A Brief History of Time by Stephen Hawking

The Godel solution and the cosmic string space-time start out so distorted that travel into the past was always possible. God might have created such a warped universe but we have no reason to believe he did. Observations of the microwave background and of the abundances of the light elements indicate that the early universe did not have the kind of curvature required to allow time travel. The same conclusion follows on theoretical grounds if the no boundary proposal is correct. So the question is: if the universe starts out without the kind of curvature required for time travel, can we subsequently warp local regions of space-time sufficiently to allow it?

A closely related problem that is also of concern to writers of science fiction is rapid interstellar or intergalactic travel. According to relativity, nothing can travel faster than light. If we therefore sent a spaceship to our nearest neighboring star, Alpha Centauri, which is about four light-years away, it would take at least eight years before we could expect the travelers to return and tell us what they had found. If the expedition were to the center of our galaxy, it would be at least a hundred thousand years before it came back. The theory of relativity does allow one consolation. This is the so-called twins paradox mentioned in Chapter 2.

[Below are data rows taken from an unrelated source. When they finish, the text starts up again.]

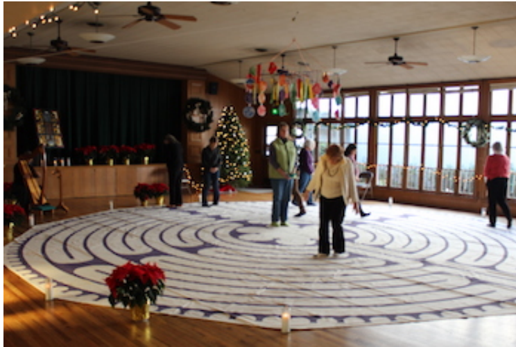
New Year's Peace Walk 2013 Grace Memorial Episcopal Church Portland, OR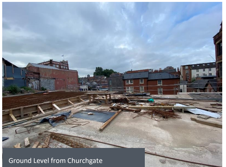
Ground Level from Churchgate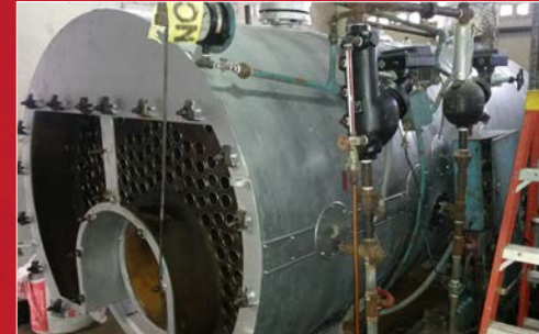
BOILER AFTER RECONDITIONING PERFORMED BY CCC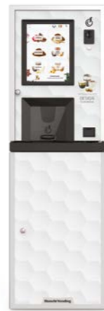
LEI250 ES and ESV / Easy, Smart and Touch 15"

ES: espresso coffee group ESV: brewing unit variable chamber IN: instant coffee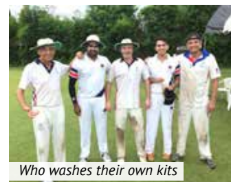
Who washes their own kits

On arriving at AIT after some time away from the Rangsit venue, BC were greeted with a freshly laid pitch and what seemed to be an unplayable outfield which had suffered from some overnight rain. However, with pressure from the league organisers and 2 equally stupid teams – the game went on after a somewhat ineffective technique to dry out the field. After fortunately winning the toss, BC ripped through a struggling Parrots side who were bowled out for under 50 in the tricky conditions, with most of their dismissals being clean bowled. A strong BC reply saw the total chased within 9 overs, equaling maximum points in the BCL bank.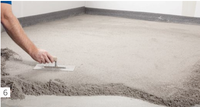
Smooth. Ready for installation after 12 hours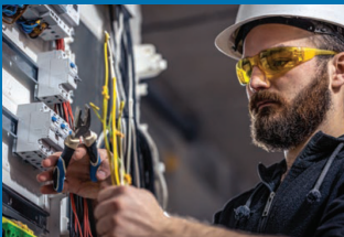
CAREER TECH - PAGES 7-10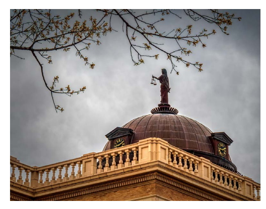
Finalist: Rose Epps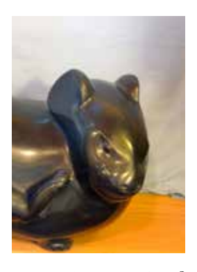
Hooked on Basalt ... 8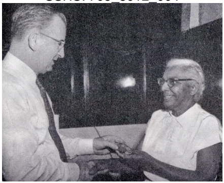
30-Year Service Pin SSHS: 041 30 1a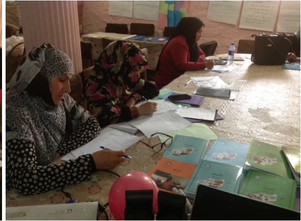
Figure 11: Tashabos Teachers' Training in Progress

Because there is no unique standard of time, but rather observers each have their own time as measured by clocks that they carry with them, it is possible for the journey to seem to be much shorter for the space travelers than for those who remain on earth. But there would not be much joy in returning from a space voyage a few years older to find that everyone you had left behind was dead and gone thousands of years ago. So in order to have any human interest in their stories, science fiction writers had to suppose that we would one day discover how to travel faster than light. What most of thee authors don’t seem to have realized is that if you can travel faster than light, the theory of relativity implies you can also travel back in the, as the following limerick says:

There was a young lady of Wight

Who traveled much faster than light.

She departed one day,

In a relative way,

And arrived on the previous night

The point is that the theory of relativity says hat there is no unique measure of time that all observers will agree on Rather, each observer has his or her own measure of time. If it is possible for a rocket traveling below the speed of light to get from event A (say, the final of the 100-meter race of the Olympic Games in 202) to event B (say, the opening of the 100,004th meeting of the Congress of Alpha Centauri), then all observers will agree that event A happened before event B according to their times. Suppose, however, that the spaceship would have to travel faster than light to carry the news of the race to the Congress. Then observers moving at different speeds can disagree about whether event A occurred before B or vice versa. According to the time of an observer who is at rest with respect to the earth, it may be that the Congress opened after the race. Thus this observer would think that a spaceship could get from A to B in time if only it could ignore the speed-of-light speed limit. However, to an observer at Alpha Centauri moving away from the earth at nearly the speed of light, it would appear that event B, the opening of the Congress, would occur before event A, the 100-meter race. The theory of relativity says that the laws of physics appear the same to observers moving at different speeds.

This has been well tested by experiment and is likely to remain a feature even if we find a more advanced theory to replace relativity Thus the moving observer would say that if faster-than-light travel is possible, it should be possible to get from event B, the opening of the Congress, to event A, the 100-meter race. If one went slightly faster, one could even get back before the race and place a bet on it in the sure knowledge that one would win.